Organised retail crime rising

Organised crime is accounting for more and more retail shrinkage in Asia – and Japan now accounts for more than half the region’s shrinkage based on dollar value.

Those are two key findings from a new global shrinkage study released this week.

Japan’s retail shrinkage rate rose four per cent in the last year and it now ranks second in the world in total value of goods lost from stores.

To be fair, as a share of sales, Japan’s 1.04 per cent remains the third lowest in the world. But the value reached 774 billion yen, (US$9.96 billion), almost 53 per cent of the total regional sum lost to employee or customer theft, supplier or vendor fraud or administrative errors.

The data was contained in the fifth annual edition of the Global Retail Theft Barometer, a study conducted by the Centre for Retail Research and sponsored by an independent grant from Checkpoint Systems. It monitored the costs of shrinkage in the global retail industry between July 2010 and June 2011, and found that total global shrink cost the retailers US$123.58 billion in 2011 or 1.45 per cent of sales.

This global shrink rate is 6.6 per cent higher than the previous year, and represents the highest percentage recorded by the survey since it began in 2007. Customer theft, including shoplifting and organised retail crime (ORC), was the main cause of shrinkage in most countries, costing retailers US$53.4 billion in 2011 (43.2 per cent of total shrinkage) compared to 42.4 per cent in 2010.

“ORC became a growing problem internationally and the percentage of retailers globally suffering increased ORC losses was an average of 47.5 per cent.
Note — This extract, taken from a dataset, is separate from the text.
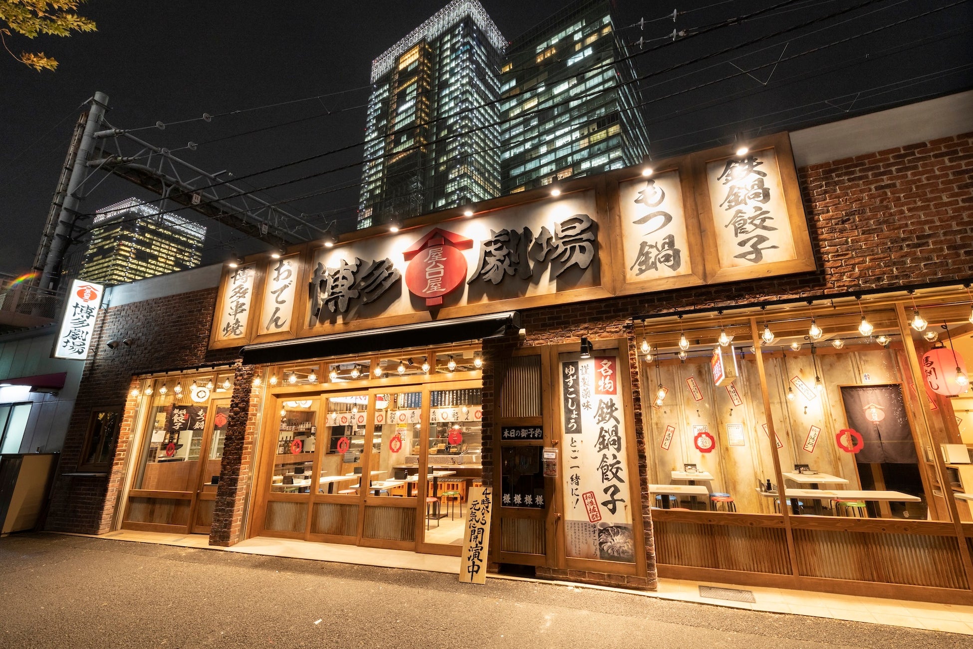 一都三県に50店舗を展開する、九州博多の風物詩“中洲の屋台村”の雰囲気と名物料理が楽しめる大衆居酒屋です。店内は博多中洲の屋台村を完全再現。祭り囃子をBGMに、粋の良いスタッフが創る熱気の渦を体感できる“劇場型酒場“です。名物「鉄鍋餃子」をはじめ、もつ鍋やおでんなど、博多中洲の屋台をはしご酒するように、博多名物をお楽しみいただけます。元気、活気、笑顔溢れる空間をお楽しみください。
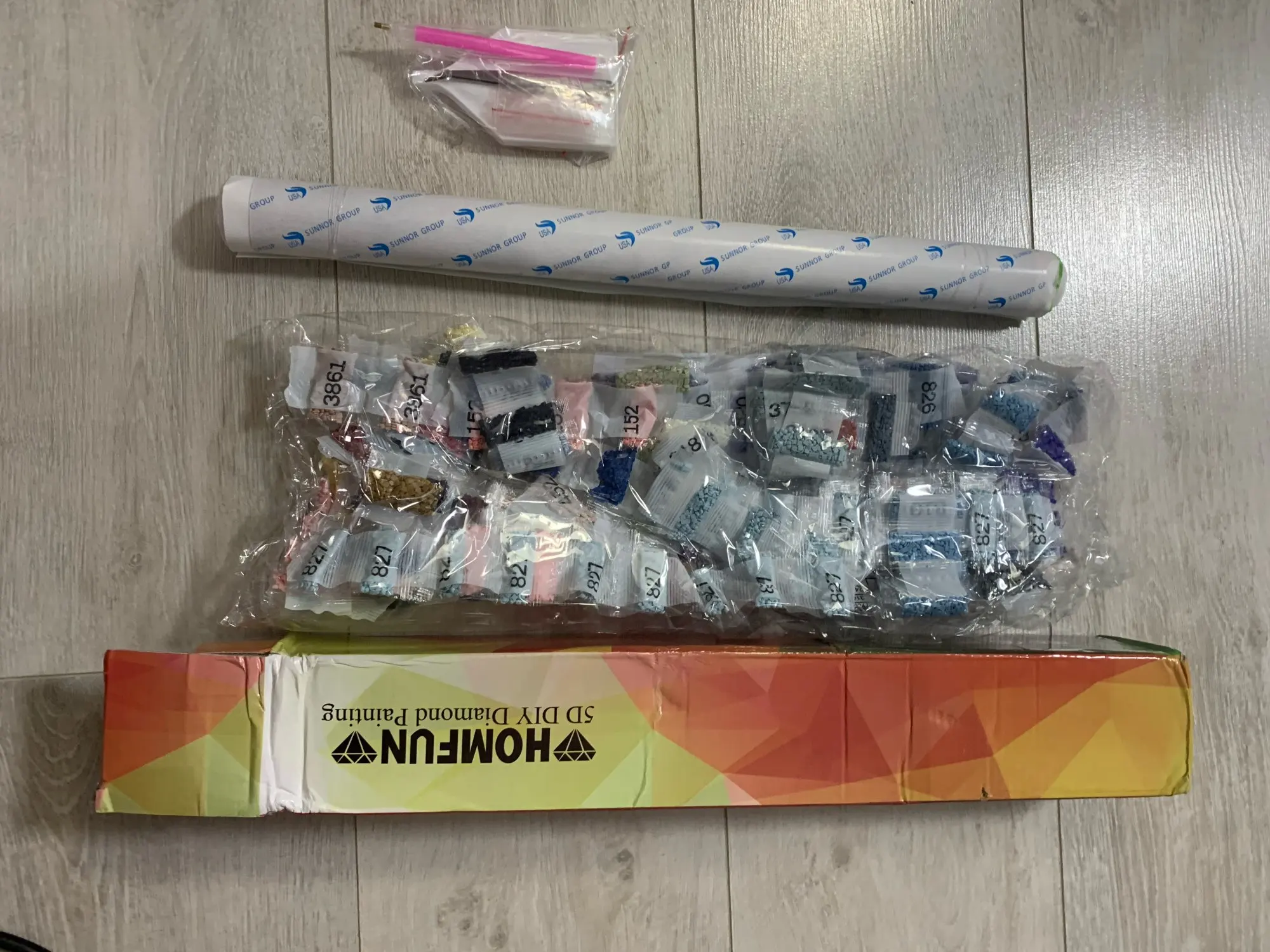 Заказ был сделан вечером..к обеду следующего дня продавец уже отправил посылку..ОООО..2 недели и картина у меня (Волгоград).Упаковано всё хорошо, ничего не помялось..в фикс прайсе куплены контейнеры для удобства(каждый 77рублей)..уже выкладываю..по завершению выложу результат

Dishonest employees were responsible for $US43.27 billion, or 35 per cent of shrink,” the study reported.

In Asia-Pacific, a majority of retailers perceive dishonest customers as the single most important source of loss, responsible for $10.07 billion of losses, or 53.3 per cent. However, the average amount admitted stolen by employees was more than four times the average stolen by shoplifters.

In Asia-Pacific, the highest average rates (as percentage of sales) of shrinkage were found among:

  • Cosmetics/perfumes/health & beauty/pharmacy (1.75 per cent).
  • Apparel/clothing and fashion/accessories (1.74 per cent).
  • Video/music/gaming (1.64 per cent).

Small but expensive “mobile” items tend to have the highest risk for theft. The most-stolen items were from the cosmetics category, including:

  • Shaving products (2.6 per cent).
  • Perfumes/fragrances (2.6 per cent).
  • Lipsticks/glosses (2.5 per cent).

High quality seafood/fish (2.21 per cent), alcohol/liquor (1.84 per cent) and fresh meat (1.83 per cent) made up the top three most-stolen grocery ‘high-risk’ product lines.